──────── Data extracts
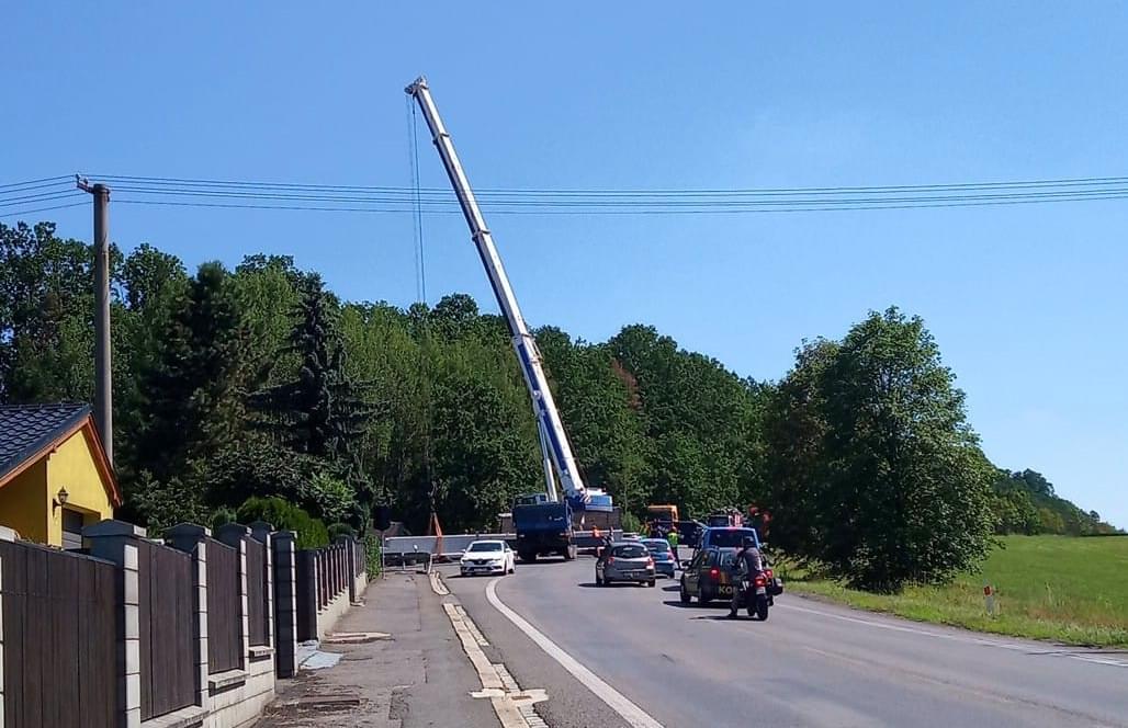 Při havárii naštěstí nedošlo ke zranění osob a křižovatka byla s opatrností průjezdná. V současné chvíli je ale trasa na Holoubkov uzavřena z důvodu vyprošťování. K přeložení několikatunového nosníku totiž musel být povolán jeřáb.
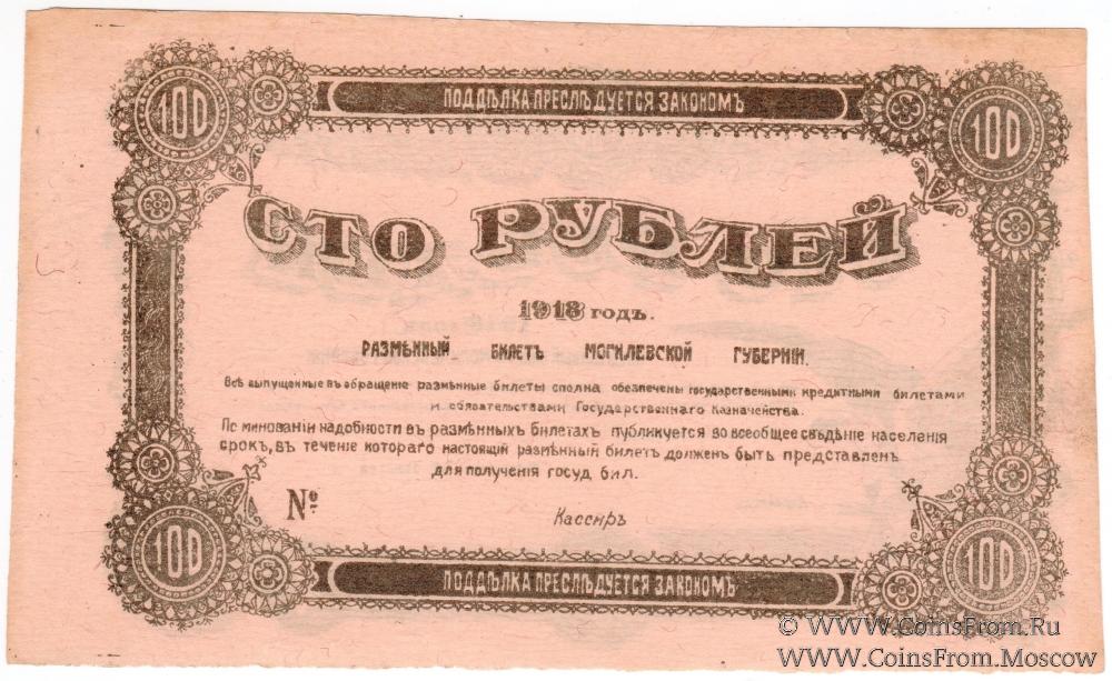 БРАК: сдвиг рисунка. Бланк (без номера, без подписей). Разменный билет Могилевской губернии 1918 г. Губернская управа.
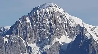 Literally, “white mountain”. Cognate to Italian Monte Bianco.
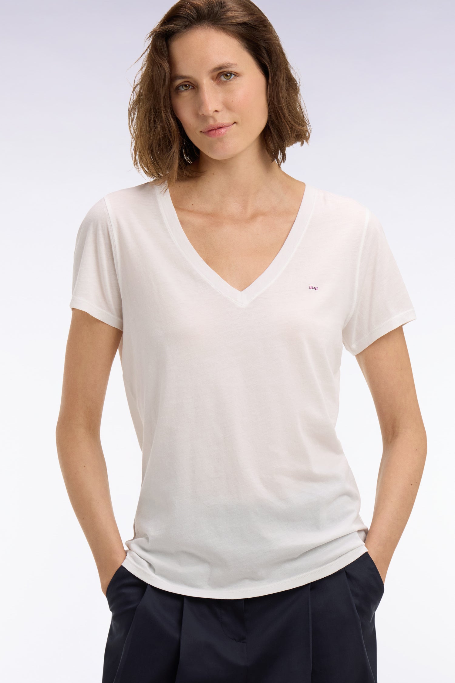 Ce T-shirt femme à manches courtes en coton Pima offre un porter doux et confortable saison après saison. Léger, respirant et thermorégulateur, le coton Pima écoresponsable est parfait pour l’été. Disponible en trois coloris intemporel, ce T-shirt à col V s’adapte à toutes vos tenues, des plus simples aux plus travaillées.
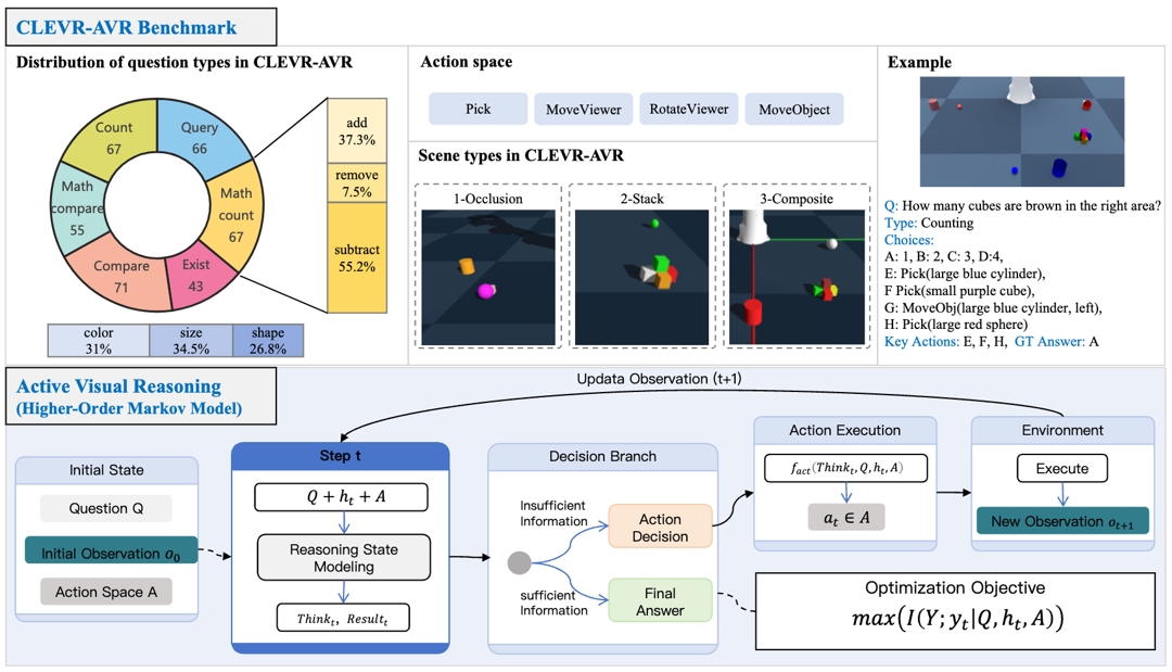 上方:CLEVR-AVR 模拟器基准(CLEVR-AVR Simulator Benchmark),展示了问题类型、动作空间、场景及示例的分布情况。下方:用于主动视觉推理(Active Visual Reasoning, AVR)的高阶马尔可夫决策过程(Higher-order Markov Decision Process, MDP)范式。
────────────────
──────── Data extracts
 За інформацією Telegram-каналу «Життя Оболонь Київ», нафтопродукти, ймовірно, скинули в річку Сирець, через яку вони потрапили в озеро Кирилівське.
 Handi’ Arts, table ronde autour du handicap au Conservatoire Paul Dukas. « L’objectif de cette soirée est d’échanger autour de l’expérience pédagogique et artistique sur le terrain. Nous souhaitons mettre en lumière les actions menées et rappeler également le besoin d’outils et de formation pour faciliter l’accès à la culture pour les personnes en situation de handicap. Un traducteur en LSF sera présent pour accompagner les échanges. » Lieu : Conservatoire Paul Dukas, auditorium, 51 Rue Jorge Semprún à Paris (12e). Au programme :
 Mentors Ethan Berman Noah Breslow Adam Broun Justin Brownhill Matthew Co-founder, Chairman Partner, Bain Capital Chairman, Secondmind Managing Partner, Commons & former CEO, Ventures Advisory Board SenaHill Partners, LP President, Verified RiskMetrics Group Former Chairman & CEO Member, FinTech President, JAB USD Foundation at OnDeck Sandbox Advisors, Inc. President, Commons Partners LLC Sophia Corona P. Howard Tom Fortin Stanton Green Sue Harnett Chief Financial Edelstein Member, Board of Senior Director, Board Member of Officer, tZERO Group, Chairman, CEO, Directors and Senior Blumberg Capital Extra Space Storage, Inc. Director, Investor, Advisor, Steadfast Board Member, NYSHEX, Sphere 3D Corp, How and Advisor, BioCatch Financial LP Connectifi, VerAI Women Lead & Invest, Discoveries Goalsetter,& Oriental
────────────────
An exact transcription is needed of the lines from the one with "Italian Monte Bianco." to the one with "上方:CLEVR-AVR 模拟器基准(CLEVR-AVR Simulator" above, both ends included, with pictures left out.

▶ [Answer area]:
 Literally, “white mountain”. Cognate to Italian Monte Bianco.
 Ce T-shirt femme à manches courtes en coton Pima offre un porter doux et confortable saison après saison. Léger, respirant et thermorégulateur, le coton Pima écoresponsable est parfait pour l’été. Disponible en trois coloris intemporel, ce T-shirt à col V s’adapte à toutes vos tenues, des plus simples aux plus travaillées.
 上方:CLEVR-AVR 模拟器基准(CLEVR-AVR Simulator Benchmark),展示了问题类型、动作空间、场景及示例的分布情况。下方:用于主动视觉推理(Active Visual Reasoning, AVR)的高阶马尔可夫决策过程(Higher-order Markov Decision Process, MDP)范式。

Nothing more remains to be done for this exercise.